(Excerpts from a dataset)
####################
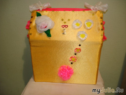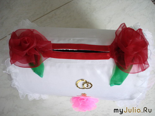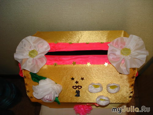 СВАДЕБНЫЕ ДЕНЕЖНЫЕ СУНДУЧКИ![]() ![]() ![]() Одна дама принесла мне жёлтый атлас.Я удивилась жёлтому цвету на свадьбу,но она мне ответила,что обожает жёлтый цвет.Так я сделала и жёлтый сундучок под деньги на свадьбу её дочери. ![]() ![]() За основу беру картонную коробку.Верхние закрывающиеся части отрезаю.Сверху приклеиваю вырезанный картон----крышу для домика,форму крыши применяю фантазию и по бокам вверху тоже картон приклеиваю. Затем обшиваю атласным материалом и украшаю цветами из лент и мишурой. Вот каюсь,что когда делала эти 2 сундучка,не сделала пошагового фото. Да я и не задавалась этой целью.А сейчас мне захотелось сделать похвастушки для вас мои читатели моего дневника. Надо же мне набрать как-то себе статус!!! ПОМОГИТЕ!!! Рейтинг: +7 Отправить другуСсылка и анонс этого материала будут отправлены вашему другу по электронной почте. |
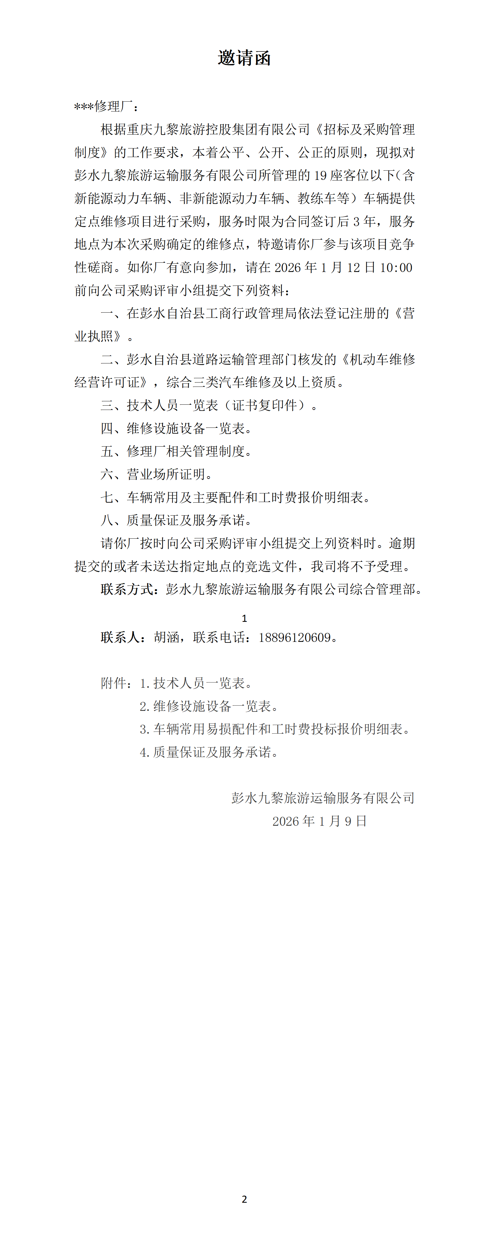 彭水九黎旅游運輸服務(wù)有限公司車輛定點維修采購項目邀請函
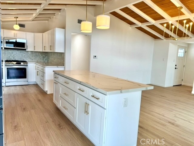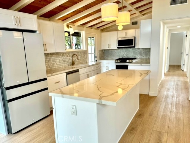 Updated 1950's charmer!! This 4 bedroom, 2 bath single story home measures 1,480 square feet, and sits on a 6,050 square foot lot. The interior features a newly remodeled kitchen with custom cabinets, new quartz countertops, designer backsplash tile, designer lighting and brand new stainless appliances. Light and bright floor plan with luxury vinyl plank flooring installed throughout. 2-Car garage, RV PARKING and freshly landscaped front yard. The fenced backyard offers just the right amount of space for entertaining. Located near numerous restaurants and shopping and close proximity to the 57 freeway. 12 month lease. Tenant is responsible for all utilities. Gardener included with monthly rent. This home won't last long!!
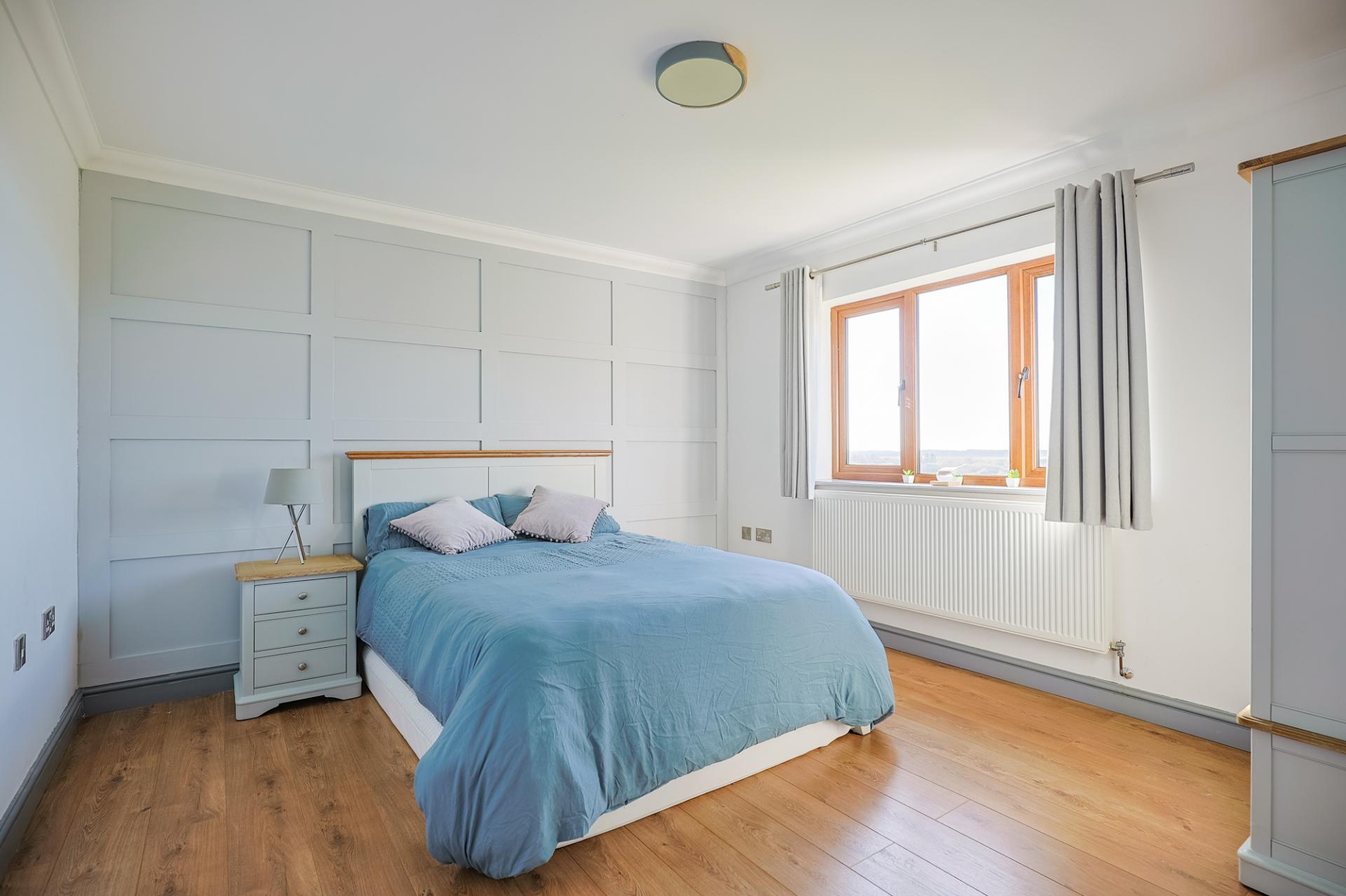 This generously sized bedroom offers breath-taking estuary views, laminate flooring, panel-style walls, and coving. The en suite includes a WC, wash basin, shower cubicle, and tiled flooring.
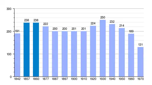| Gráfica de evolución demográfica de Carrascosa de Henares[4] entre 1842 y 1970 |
####################
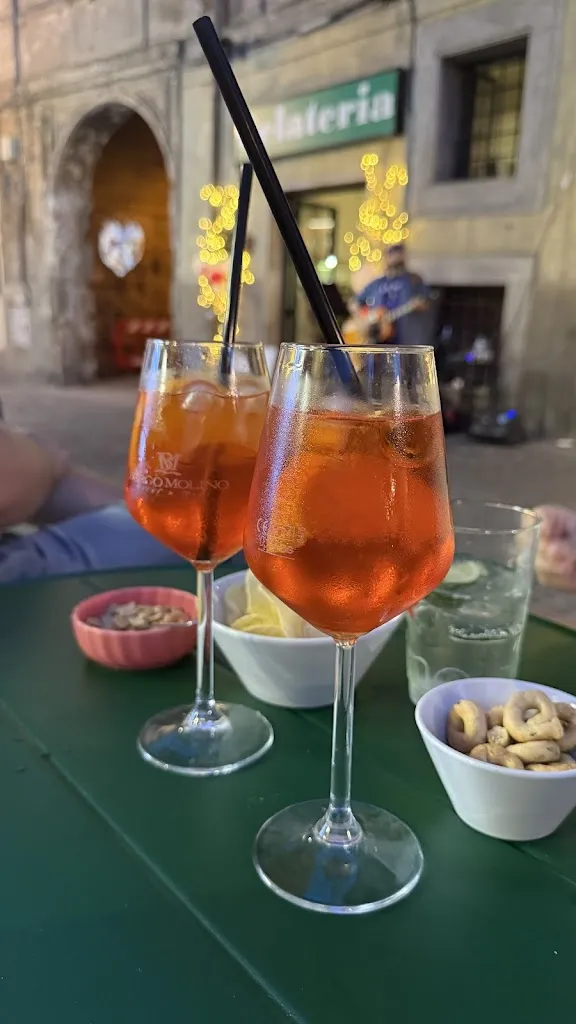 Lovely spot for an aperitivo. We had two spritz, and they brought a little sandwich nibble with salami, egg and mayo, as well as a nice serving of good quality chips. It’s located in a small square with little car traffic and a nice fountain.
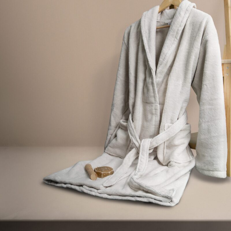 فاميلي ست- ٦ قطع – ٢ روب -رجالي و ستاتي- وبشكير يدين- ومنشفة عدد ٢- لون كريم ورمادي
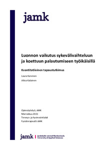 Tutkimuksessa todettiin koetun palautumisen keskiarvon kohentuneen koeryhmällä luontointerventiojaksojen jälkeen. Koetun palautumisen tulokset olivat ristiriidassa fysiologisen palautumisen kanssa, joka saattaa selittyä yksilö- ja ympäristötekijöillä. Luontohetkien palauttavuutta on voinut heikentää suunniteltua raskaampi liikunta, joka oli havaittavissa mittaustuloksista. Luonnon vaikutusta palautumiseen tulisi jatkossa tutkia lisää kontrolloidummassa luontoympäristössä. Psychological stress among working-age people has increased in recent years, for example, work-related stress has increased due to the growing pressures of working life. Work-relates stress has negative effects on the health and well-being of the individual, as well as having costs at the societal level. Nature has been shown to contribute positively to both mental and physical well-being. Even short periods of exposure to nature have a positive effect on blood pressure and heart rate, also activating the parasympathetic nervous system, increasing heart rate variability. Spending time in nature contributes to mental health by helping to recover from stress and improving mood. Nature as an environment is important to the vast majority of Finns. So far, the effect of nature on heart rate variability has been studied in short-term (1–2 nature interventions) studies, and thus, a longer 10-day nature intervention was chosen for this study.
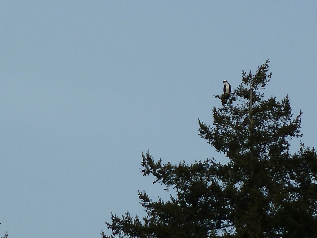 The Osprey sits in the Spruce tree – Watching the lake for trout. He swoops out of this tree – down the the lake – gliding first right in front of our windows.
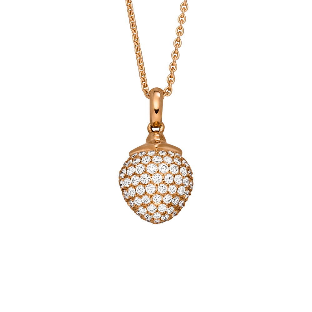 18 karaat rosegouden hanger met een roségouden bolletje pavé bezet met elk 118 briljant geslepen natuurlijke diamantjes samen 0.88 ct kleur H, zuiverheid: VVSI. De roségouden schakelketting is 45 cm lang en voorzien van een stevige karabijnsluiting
####################
* **Problem statement**
An exact transcription is needed of the lines from the one with "彭水九黎旅游運輸服務(wù)有限公司車輛定點維修采購項目邀請函" to the one with "1842 y 1970 |" above, both ends included, with pictures left out.

* **Answer box**
 彭水九黎旅游運輸服務(wù)有限公司車輛定點維修采購項目邀請函
 Updated 1950's charmer!! This 4 bedroom, 2 bath single story home measures 1,480 square feet, and sits on a 6,050 square foot lot. The interior features a newly remodeled kitchen with custom cabinets, new quartz countertops, designer backsplash tile, designer lighting and brand new stainless appliances. Light and bright floor plan with luxury vinyl plank flooring installed throughout. 2-Car garage, RV PARKING and freshly landscaped front yard. The fenced backyard offers just the right amount of space for entertaining. Located near numerous restaurants and shopping and close proximity to the 57 freeway. 12 month lease. Tenant is responsible for all utilities. Gardener included with monthly rent. This home won't last long!!
 This generously sized bedroom offers breath-taking estuary views, laminate flooring, panel-style walls, and coving. The en suite includes a WC, wash basin, shower cubicle, and tiled flooring.
| Gráfica de evolución demográfica de Carrascosa de Henares[4] entre 1842 y 1970 |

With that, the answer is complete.